→ EXERCISE INSTRUCTIONS: Below is a listing; print exactly its lines from the one containing "The pear-shaped tanzanite" down to the one containing "就以GB15322.1-26", both inclusive, with every picture left out.

→ INFORMATION:
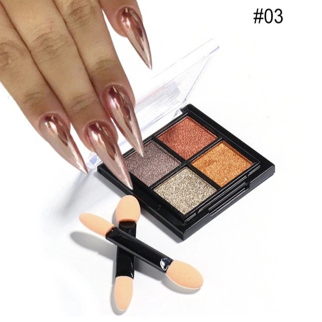 Polvere magica per la decorazione delle unghie. Il contenitore contiene 4 polveri diverse. Oltre alle polveri, riceverai anche 2 spugnette per applicarle.
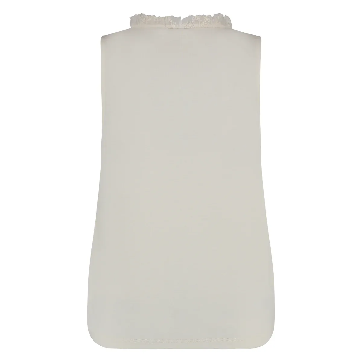 De Baltar top is een mouwloze top met een ronde hals met een geborduurde print.
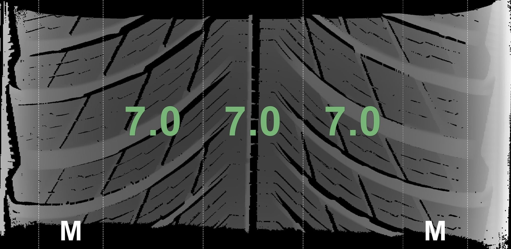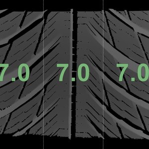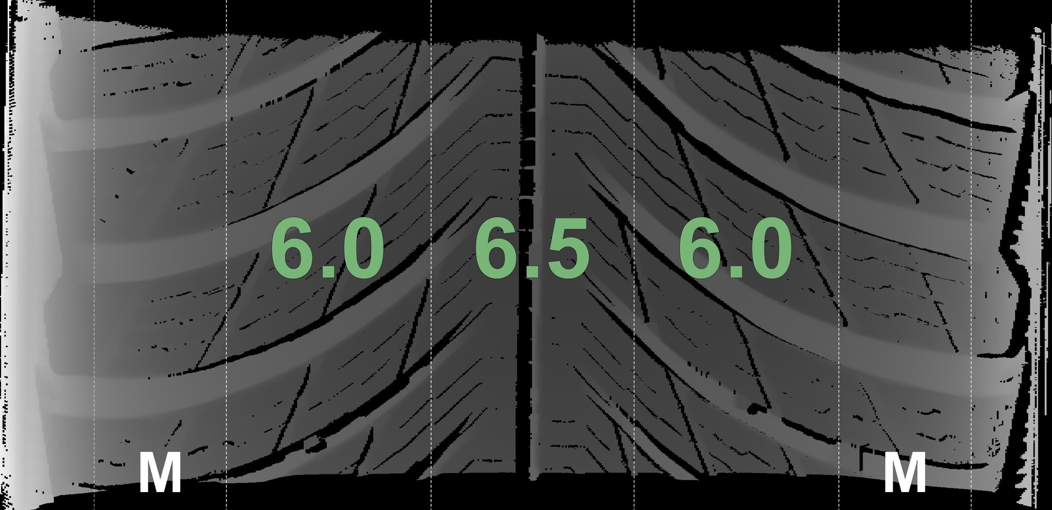Die gemessenen Profiltiefen und die Details der Felgen sind oben angezeigt.
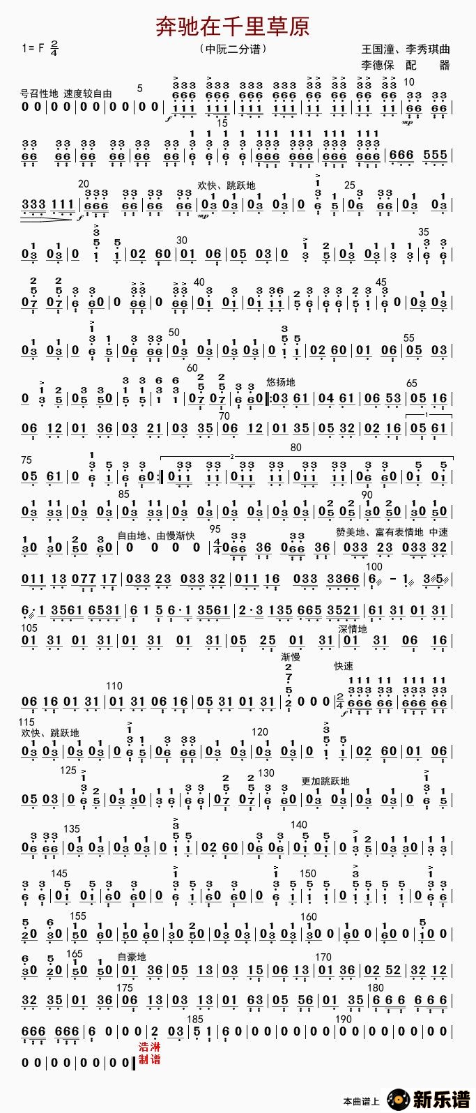 奔驰在千里草原最新曲谱
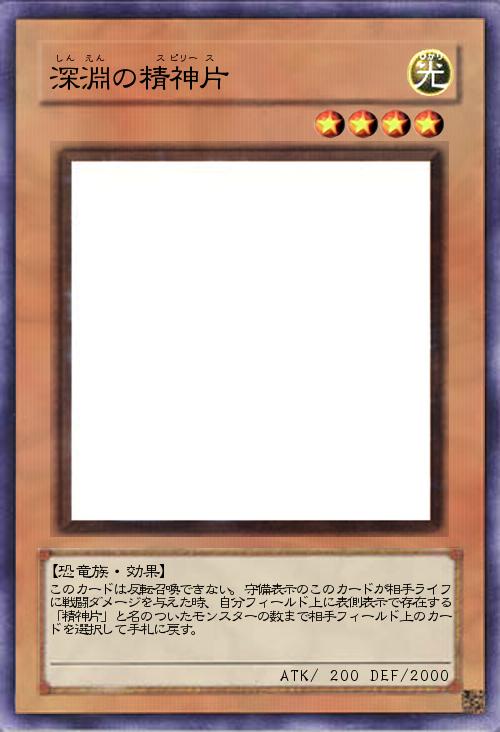 | このカードは反転召喚できない。守備表示のこのカードが相手ライフに戦闘ダメージを与えた時、自分フィールド上に表側表示で存在する「精神片」と名のついたモンスターの数まで相手フィールド上のカードを選択して手札に戻す。 | |||
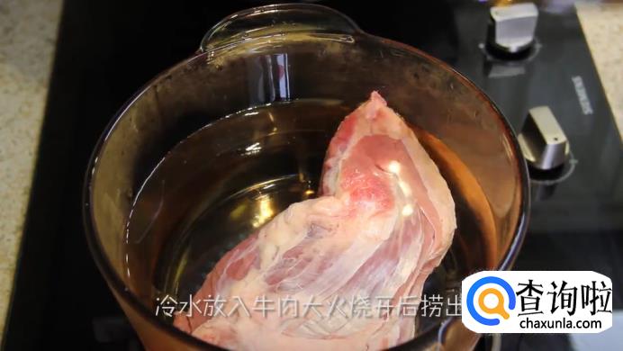 接着,锅里放入冷水,将牛肉放进去,大火烧开后将牛肉捞出。
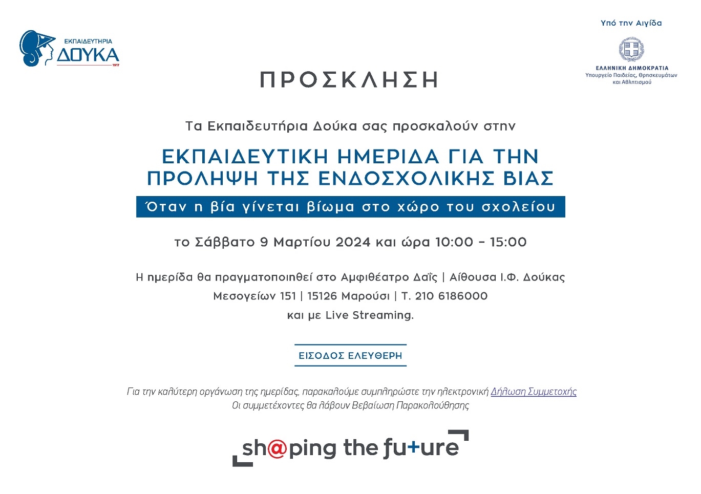Υπό την αιγίδα του Υπουργείου Παιδείας, Θρησκευμάτων και Αθλητισμού, και με αφορμή την 6η Μαρτίου που έχει καθιερωθεί ως Πανελλήνια Ημέρα κατά της βίας στα σχολεία, τα Εκπαιδευτήρια Δούκα θα φιλοξενήσουν διακεκριμένους επιστήμονες και ειδικούς για να αναλύσουν ποικίλες θεματικές που αφορούν στο σημαντικό αυτό φαινόμενο, όπως τους τομείς του σχολικού εκφοβισμού, τη βία στον ψηφιακό κόσμο, τη σχέση της οικογένειας και του σχολείου, τα εκπαιδευτικά προγράμματα πρόληψης και ψυχοσυναισθηματικής ενδυνάμωσης, τον θεσμό της σχολικής διαμεσολάβησης, τον αθλητισμό ως αντίδοτο στη βία, τη νομική διάσταση του φαινομένου, αλλά και τις δράσεις και τις πρωτοβουλίες σημαντικών φορέων και Ιδρυμάτων. Μέσα από τη γόνιμη συζήτηση που θα αναπτυχθεί, οι συμμετέχοντες θα έχουν την ευκαιρία να αποκτήσουν μια σφαιρική εικόνα για το ζήτημα, αλλά και τη γνώση για να το εντοπίσουν σε μία προσπάθεια να περιοριστεί το φαινόμενο της βίας στη ζωή των ανηλίκων και να αποτραπούν οι αρνητικές συνέπειες στην ψυχοκοινωνική τους ανάπτυξη.
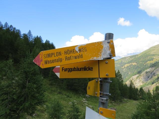 Wegweiser bei Rosswald 1821 m.ü.M. Über den Simplon-Höhenweg werden wir die Bortelhütte besuchen
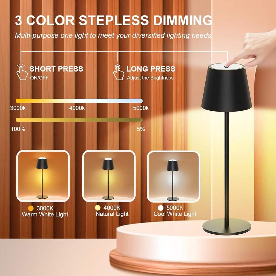 Antela Wireless Table Lamp Led Touch Control Dimmable Battery Powered Black 11x11x36 Cm With Usb C Charging For Desk Use
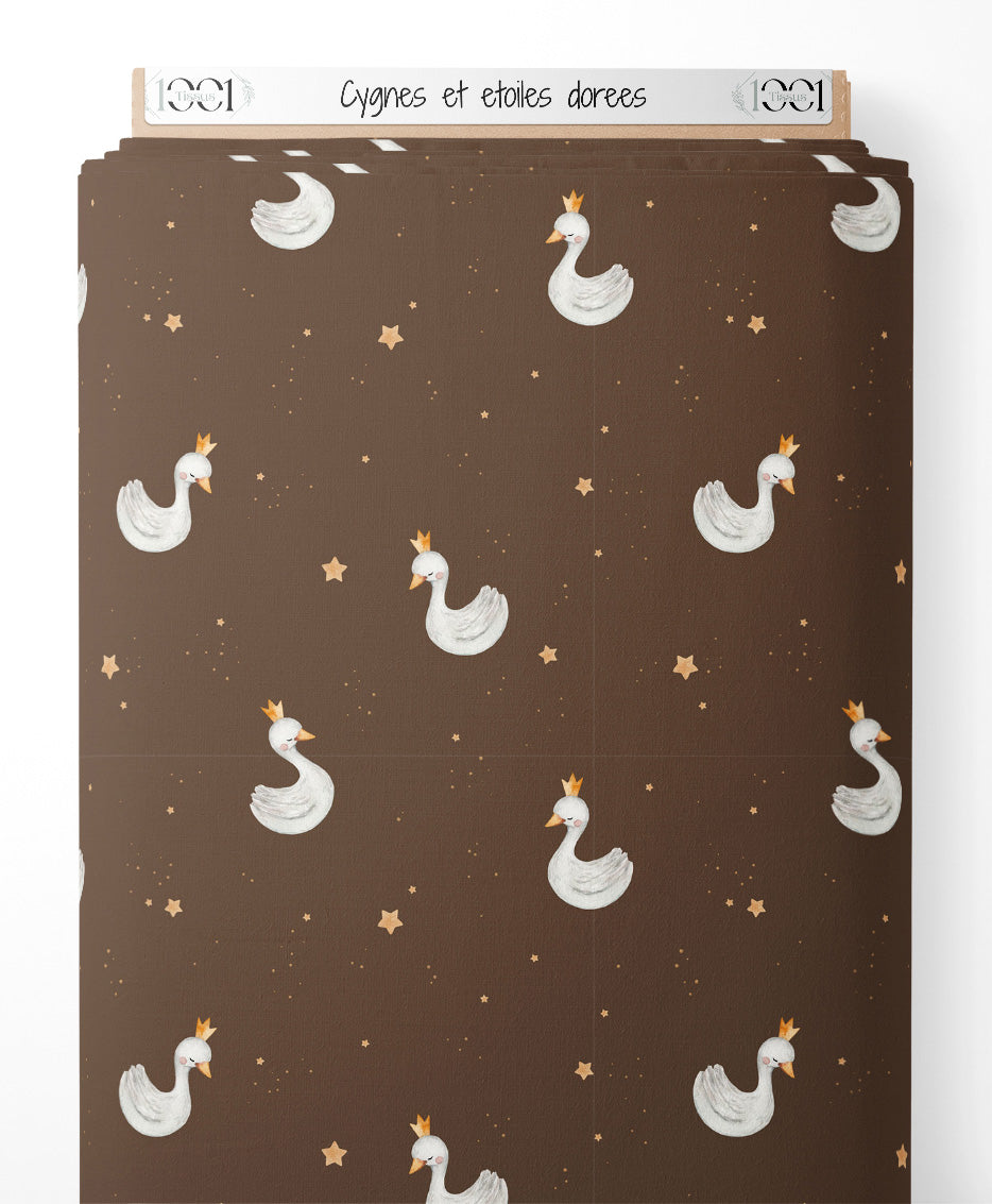 Les cygnes portent de petites couronnes dorées. Les étoiles sont de différentes tailles, ajoutant une touche magique au motif.Les tissus
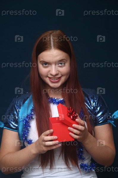 Красивая девушка позирует с подарком и новогодним украшением
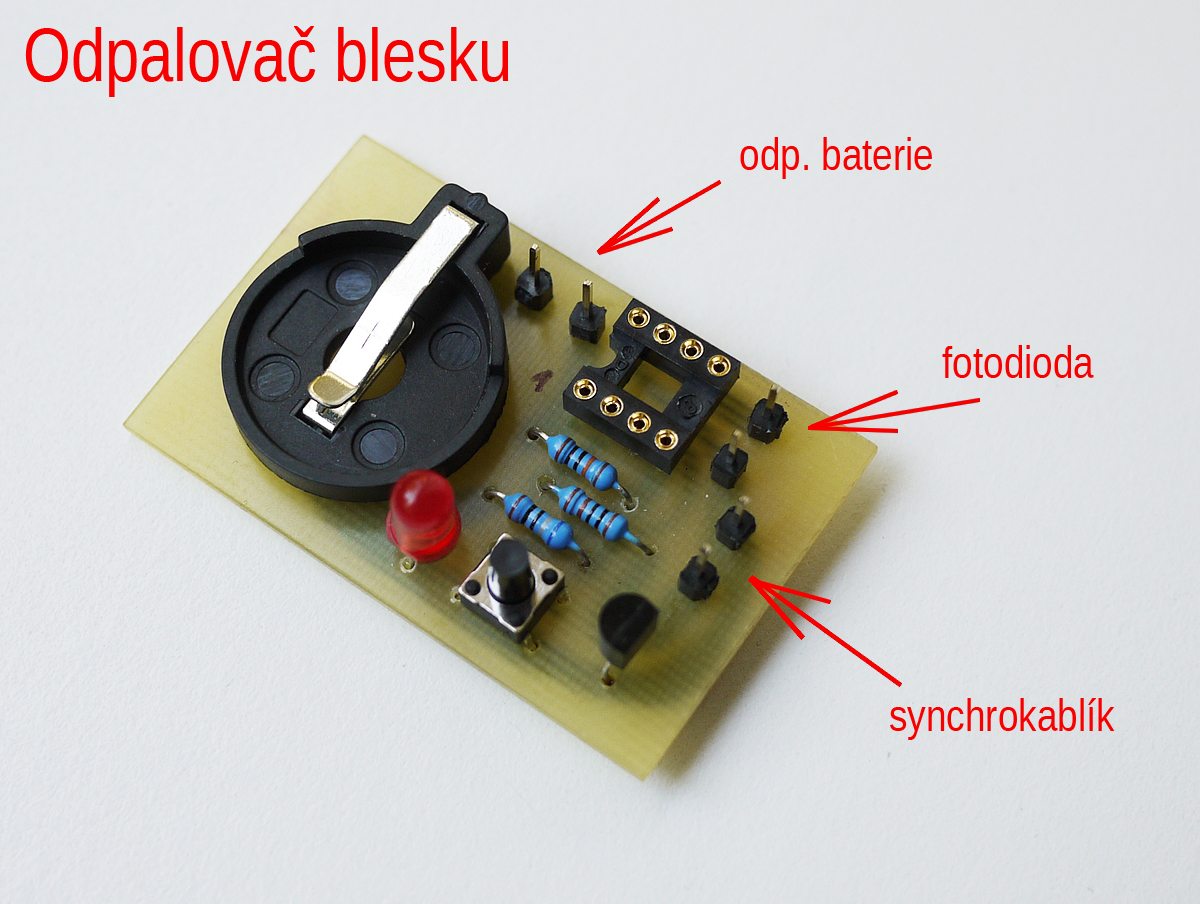 Když jsem zde už zmínil ty blesky, tak snad ještě přidám jednu čerstvou fotku, ještě nedokončeného odpalovače externího blesku. Jen osadit procesorem, připájet fotodiodu, zasunout baterii a zabudovat do krabičky. Tu diodu nebudu pájet přímo do tišťáku, ale na jumpery, protože ji chci mít výše.
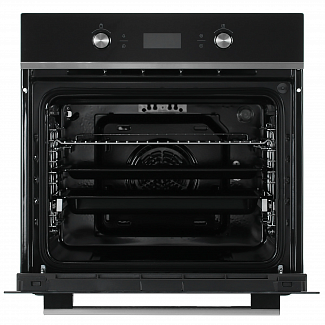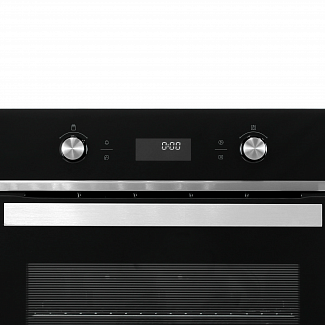 На стеклянной дверце расположена панель управления с утапливаемыми поворотными переключателями, сенсорными кнопками и дисплеем. Таймер с автоотключением программирует необходимое время работы духового шкафа. Телескопические направляющие благодаря выдвижной конструкции упрощают установку противней и решеток. Для освещения камеры и контроля степени готовности блюд установлена галогенная лампа. Покрытие внутренних стенок духового шкафа DEXP 1MD-B из эмалированной стали устойчиво к повреждениям и просто очищается от загрязнений.
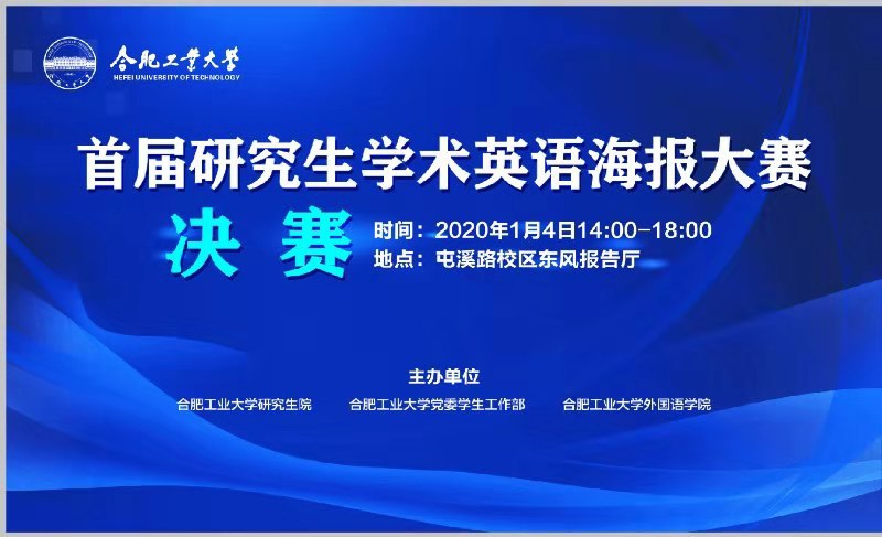 1月4日,我校首届研究生学术英语海报大赛决赛在屯溪路校区东风报告厅举行。研究生院副院长李军鹏、主管杨依忠,72886必赢欢迎光临书记胡丹、院长韩江洪、副院长唐军等出席决赛活动。本次大赛由研究生院、党委学生工作部和72886必赢欢迎光临共同主办。
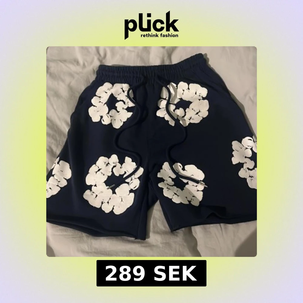 Säljer ett par mörkblå shorts från Denim Tears med stora vita blommönster över hela plagget. Shortsen har elastisk midja med snörning och en bakficka. Perfekta för sommaren och ger en chill vibe. Perfekt för dig som vill bli få en glowup
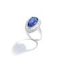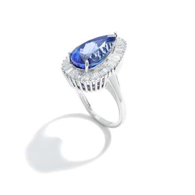 The pear-shaped tanzanite within a tapered baguette-cut diamond surround, mounted in platinum, UK hallmark
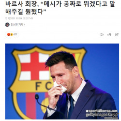 바르사 회장, “메시가 공짜로 뛰겠다고 말해주길 원했다”
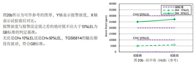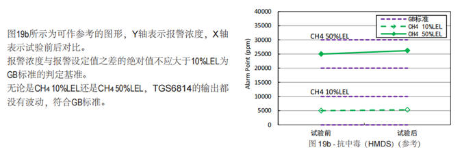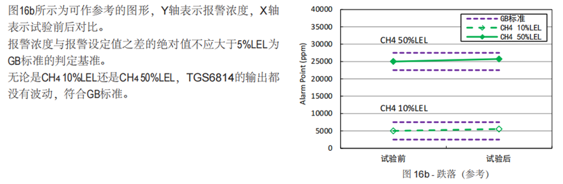 就以GB15322.1-2619為判斷依據,用TGS6814做出來的報警器完全可以符合標準。線性度誤差這些自不必說,必須是超規格滿足要求。下面我們主要來說說TGS6814傳感器的長期穩定性、抗跌落、抗中毒的性能。
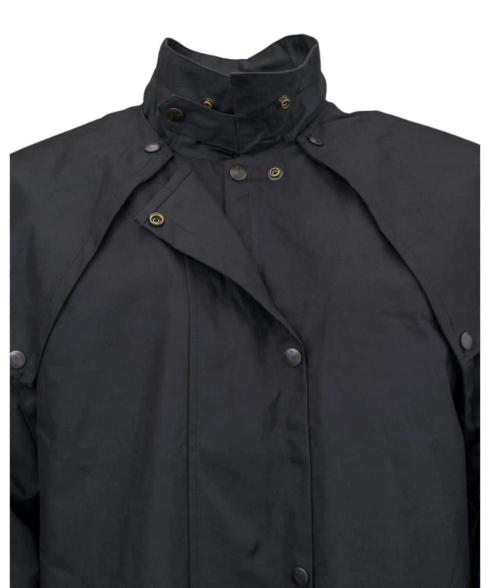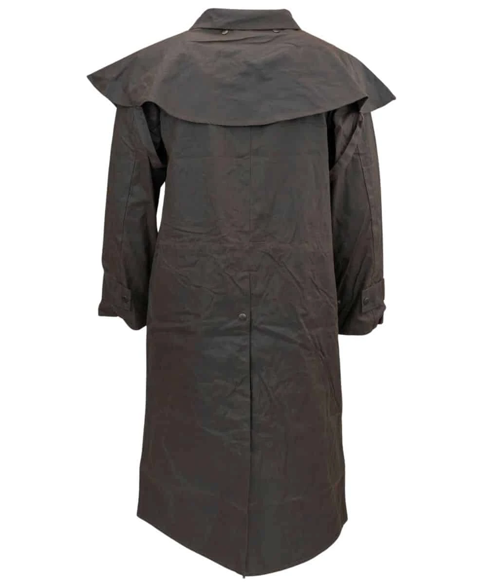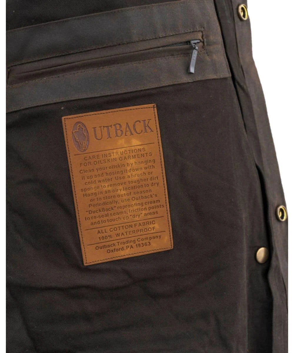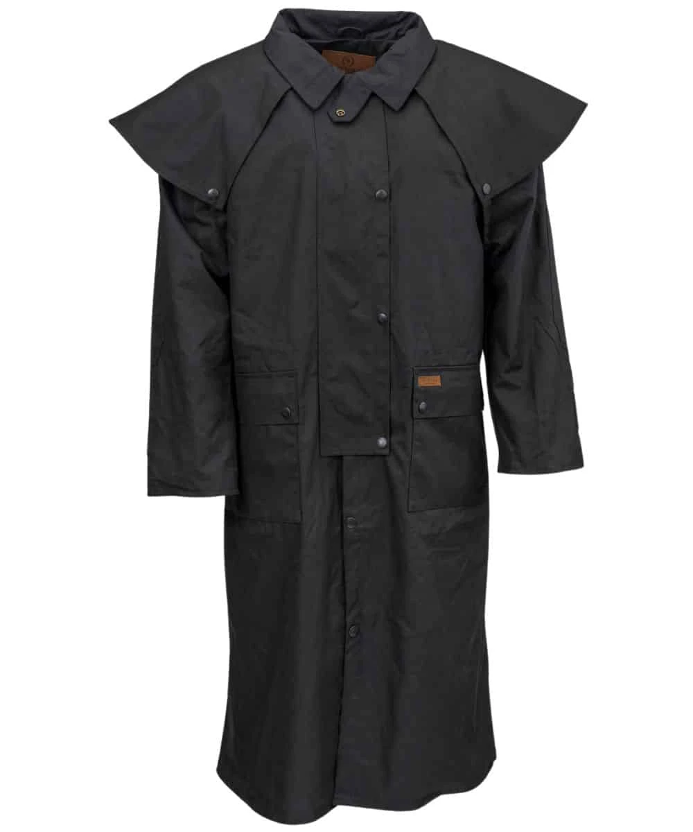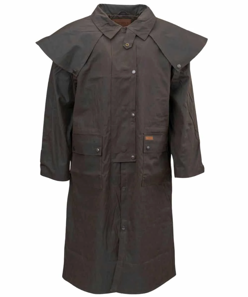 Shell: 12 Oz. 100% Cotton Oilskin; Lining: 100% Cotton; Long Sleeves; Taffeta Lined Sleeves; Throat Latch; Detachable Cape; Full-Length Dual-Snap Closure; Storm Flap; Dual Snap Flap Hand Pockets; Dual Entry Hip Pockets; Drawstring Waistband; Reinforced Elbow Patches; Snap Adjustable Cuffs; Adjustable Leg Straps; Rear Saddle Gusset; Inside Security Pocket; Waterproof And Breathable; Unisex Fit; Full-Length Slicker Made To Withstand All Climates; Style #2042

→ WRITTEN ANSWER:
 The pear-shaped tanzanite within a tapered baguette-cut diamond surround, mounted in platinum, UK hallmark
 바르사 회장, “메시가 공짜로 뛰겠다고 말해주길 원했다”
 就以GB15322.1-2619為判斷依據,用TGS6814做出來的報警器完全可以符合標準。線性度誤差這些自不必說,必須是超規格滿足要求。下面我們主要來說說TGS6814傳感器的長期穩定性、抗跌落、抗中毒的性能。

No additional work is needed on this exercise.